___ Data extracts

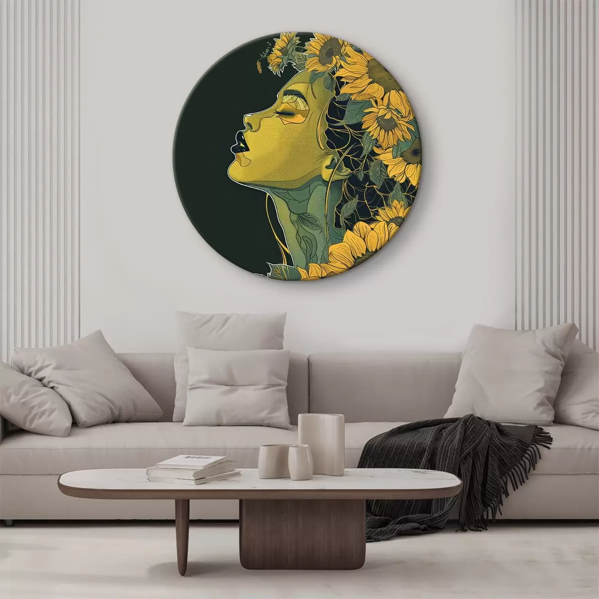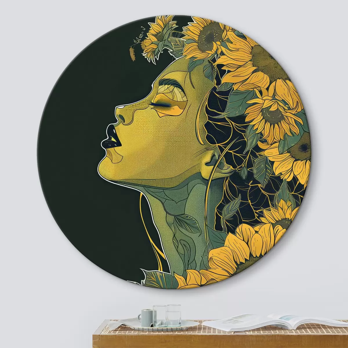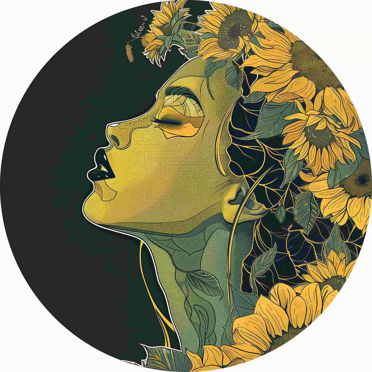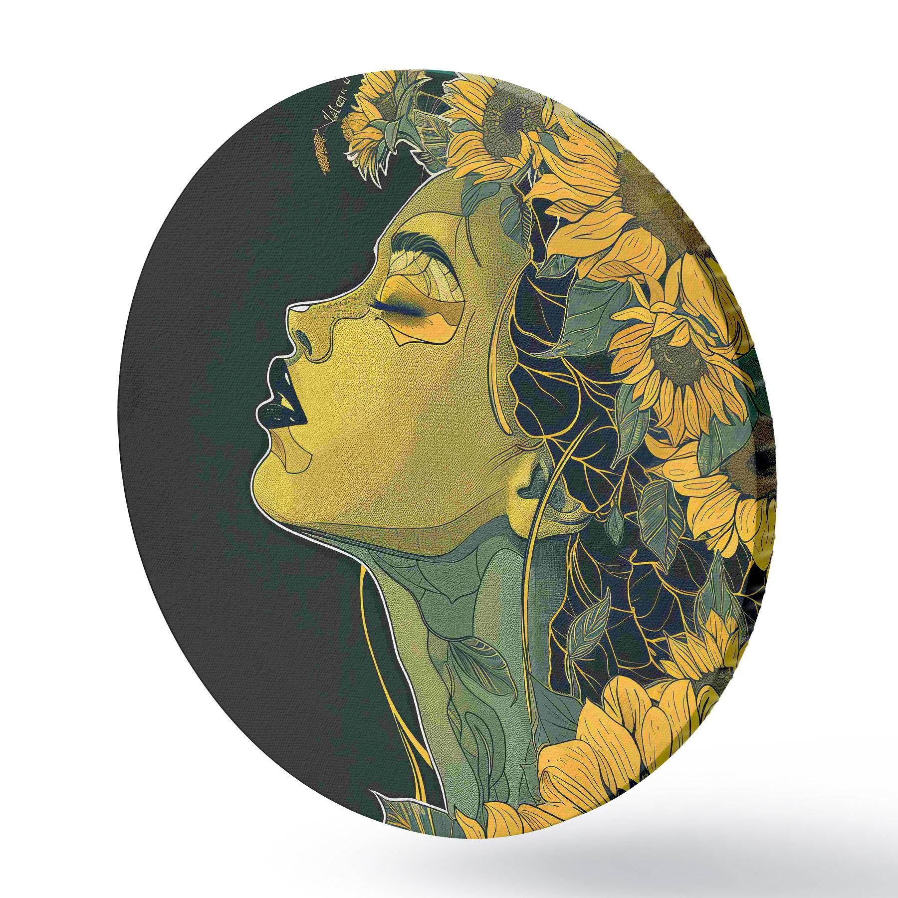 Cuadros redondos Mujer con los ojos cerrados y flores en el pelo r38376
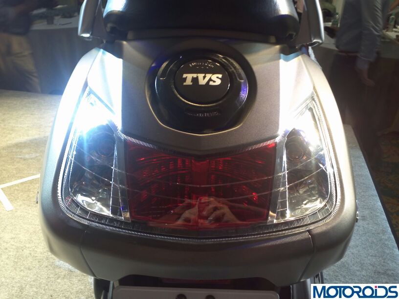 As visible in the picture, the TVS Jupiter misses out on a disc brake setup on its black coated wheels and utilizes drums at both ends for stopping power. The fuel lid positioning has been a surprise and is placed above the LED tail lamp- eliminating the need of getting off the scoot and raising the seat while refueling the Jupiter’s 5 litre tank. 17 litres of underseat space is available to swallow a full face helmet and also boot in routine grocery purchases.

______
___ Data extracts

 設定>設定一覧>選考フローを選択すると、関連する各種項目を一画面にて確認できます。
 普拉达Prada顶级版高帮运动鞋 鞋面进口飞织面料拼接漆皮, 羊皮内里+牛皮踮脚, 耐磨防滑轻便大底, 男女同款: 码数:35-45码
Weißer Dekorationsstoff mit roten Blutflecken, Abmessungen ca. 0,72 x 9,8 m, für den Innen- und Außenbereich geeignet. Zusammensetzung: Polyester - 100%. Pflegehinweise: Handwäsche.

______

[Required work]
In the listing above, find the line with "設定>設定一覧>選考フローを" and the line with "Weißer Dekorationsstoff mit". Output those two lines and every line between them, exactly as written.

[Solution]
 設定>設定一覧>選考フローを選択すると、関連する各種項目を一画面にて確認できます。
 普拉达Prada顶级版高帮运动鞋 鞋面进口飞织面料拼接漆皮, 羊皮内里+牛皮踮脚, 耐磨防滑轻便大底, 男女同款: 码数:35-45码
Weißer Dekorationsstoff mit roten Blutflecken, Abmessungen ca. 0,72 x 9,8 m, für den Innen- und Außenbereich geeignet. Zusammensetzung: Polyester - 100%. Pflegehinweise: Handwäsche.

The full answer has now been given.